Cheesecake Filled Chocolate Easter Eggs

Recipe by Ambervim
READY IN: 25mins
YIELD: 8 eggs




  • Using a small serrated knife, carefully remove the tops of the chocolate eggs. Heating the knife under warm water will make this easier and neater. I like jagged edges.
  • Place the eggs in the fridge to keep them chilled while you prepare the cheesecake filling, you can use egg cups or your fridge egg holder (Don't use a cardboard egg carton).
  • Place the cream cheese, icing sugar, lemon juice and vanilla in a large mixing bowl and beat on high until the mixture is smooth and fluffy, about 3-4 minutes.
  • Set aside and carefully whip the cream in a separate mixing bowl to stiff peaks.
  • Using a whisk, gently combine the whipped cream into the cream cheese mixture until it is smooth.
  • Carefully spoon or pipe the mixture into the prepared chocolate shells. Chill eggs for at least 30 minutes to allow it to set.
  • Prepare the passionfruit sauce; strain passionfruit pulp to remove the seeds and place in a small saucepan with the apricot jam and butter.
  • Gently heat on low, whisking until the butter melts and the mixture is smooth.
  • Remove from the heat and allow to cool.
  • Place in the fridge and chill until it thickens slightly.

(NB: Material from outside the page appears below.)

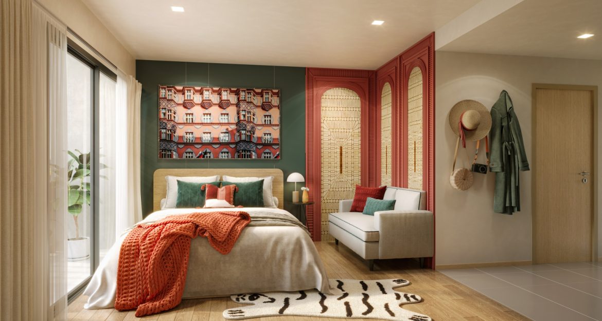 Enjoy a laid-back vibe in a living room that offers a seamless indoor-outdoor experience, featuring distinctive patio tiles and vibrant artwork. It's a place that fosters creativity while feeling as relaxing as being on your own terrace at home.

  • Using a very small spoon, carefully scoop out a hole in the centre of each cheesecake, about 1/2 inch deep and wide.
  • Fill hole with some of the chilled passionfruit sauce and return the eggs to the fridge to chill again for at least 30 minutes.
  • Remove eggs from the fridge about 10 minutes before serving.
  • Time does not include chilling time.